During my time off from work, we alternate between resting and relaxing, and doing things about the house. We decide to be strategic, starting in the kitchen, and working our way towards the other end of the house. It’s not all done, it’s not all perfect, but the kitchen is reorganized and way less cluttered. The caddy, the portable counter-top unit that every single person who has ever been to my house has bumped their hip on at least once, has now been relocated into the living room. Wolfie is not a fan of this new development, because now she can’t hang out in the kitchen and meow at us. And she seems to show no interest in hanging out in the living room and meowing at us. I don’t think I’ll understand that little gray fluffball…
A Few Reflections
When I started this journey of making my house my home, I did so with the hope to make my place both somewhere I would want to live and a place that I could be proud of. I had no illusions that my house would ever become a show place – I’m not the best housekeeper in the world, and my place is old and kinda beat up – but I wanted to have people come over and not worry so much about whether they were politely avoiding comments about the state of it. I’m not sure if I’ve succeeded to this end – looking back I realize I’ve ebbed and flowed in drive and motivation – sometimes with great bursts of productivity and sometimes trying to stop myself from drowning in inertia. I’ve kept a plant alive for almost a year – something that a friend who is no longer with us would be super proud of if she could see it. Perhaps Happy Plant is a lot like me – sometimes bursting forward and sometimes quietly growing in incremental ways.
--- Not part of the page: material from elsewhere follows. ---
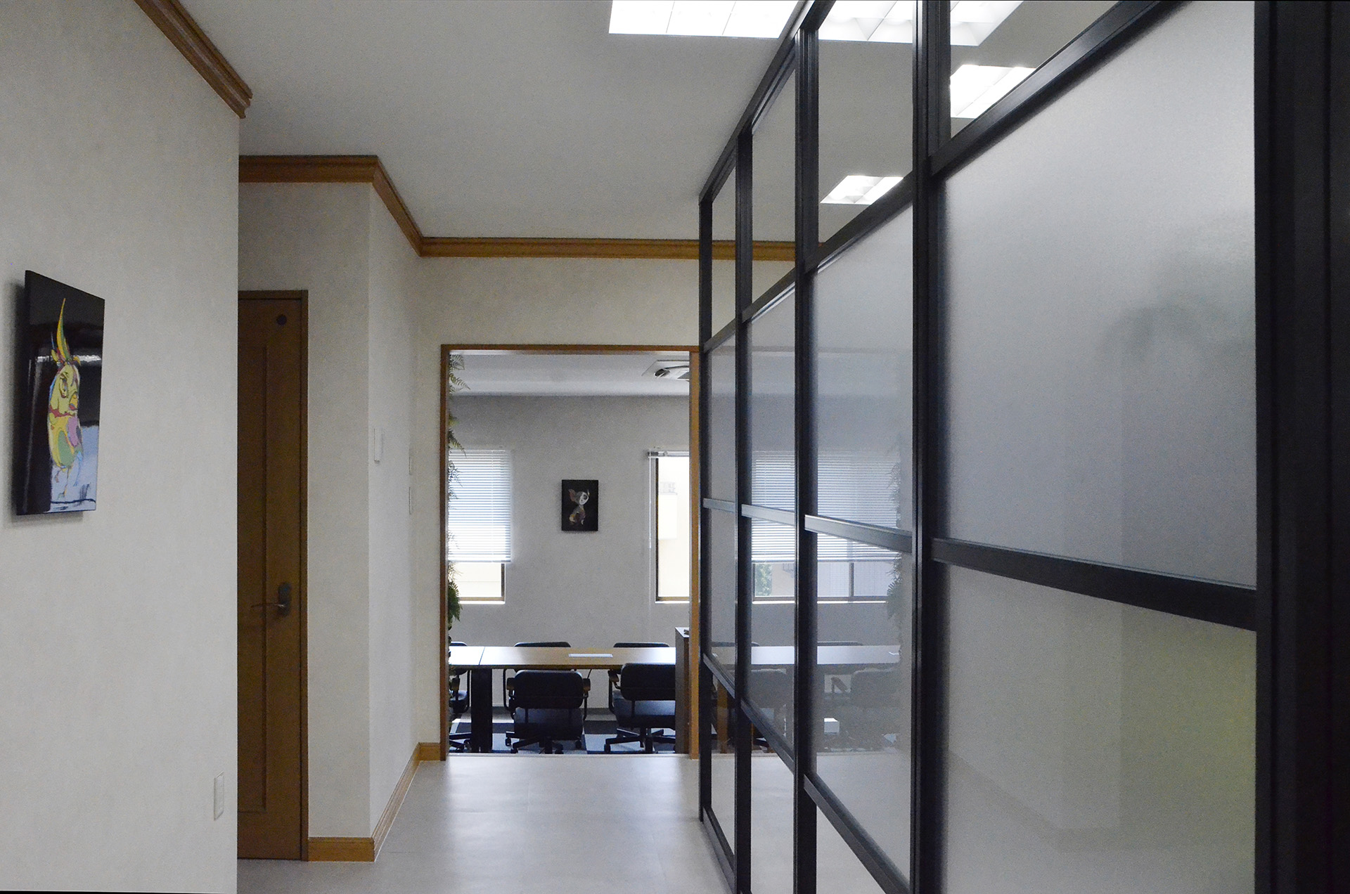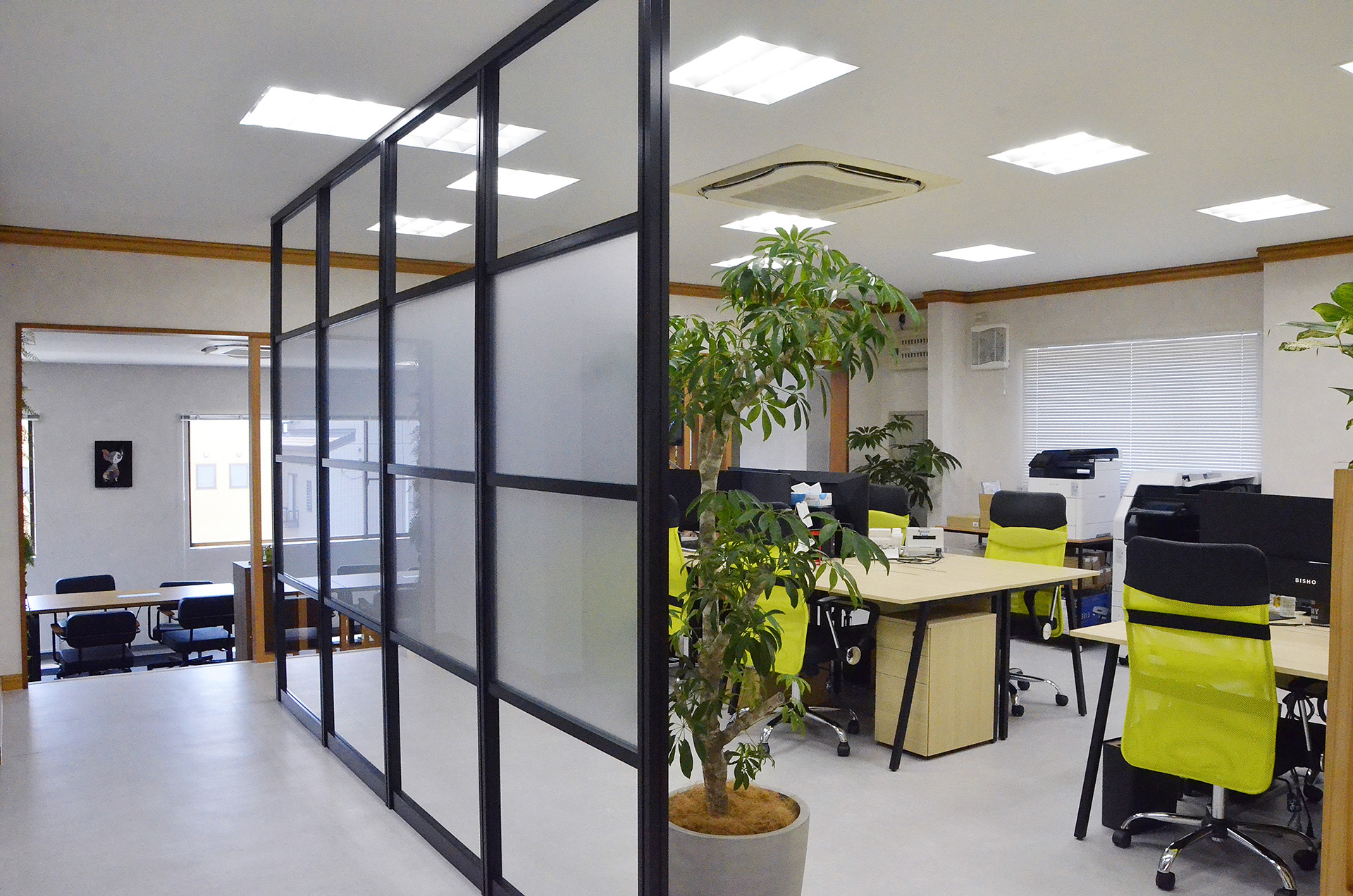 梱包・発送会社のオフィス内装を手掛けました。壁面やパーテーションなど動線設計から弊社で実施、おおまかなプランニングを行った上で、協力会社と共に正式図面を作成。トータル1,000万円規模のオフィス内装を手掛けることができました。打ち合わせスペースや会議室など使い勝手と雰囲気作りを両立させた空間に仕上がっています。

I’ve done a lot of things myself this year, and a lot more with other people either assisting or directing. Maybe, just maybe, I don’t have to do everything myself. Maybe, just maybe, there are times to rest in the little things, where small pleasures and small victories are the important ones. This year, like for so many others, hasn’t been the year that I have expected. I have experienced great joy, Wolfie has come home! I have experienced sadness with the loss of friends. I’ve done things I never thought I would do, like actually sort of want to barbecue, or cut the grass. I’m not terrified to go into any part of my home, which honestly was a really big thing for me earlier this year. Maybe, that’s enough. Maybe the symbolic burning of things – like the dishwasher box and the papers I sorted earlier this year – is a way to clear out the old feelings of shame and expectation I’ve carried for so many years.
2021 will also look different – I won’t be running Boston like I thought I would. I don’t know all of what it will bring – I hope it will bring joy and love and peace. All I know is that, as much as it’s up to me, I’ll do what I can to continue this journey of home improvement, and to work on the things within myself that need to shift. I’ve got a few things on the go for 2021 already. My hope is to write more, to have some fun with the writing process, and I have some ideas that I’m excited to share. As I am writing this, I realize that maybe I got what I needed out of 2020 – it’s taken a lot, but given me much as well that I can carry into 2021. Who knows? Maybe in a year, I’ll look back at 2020 and realize that without it, 2021 wouldn’t be the year it will be. So let’s look forward, clinging to hope, doing what we can, wherever we are, and, above all, be kind to ourselves and each other. When it comes time, my home will be ready.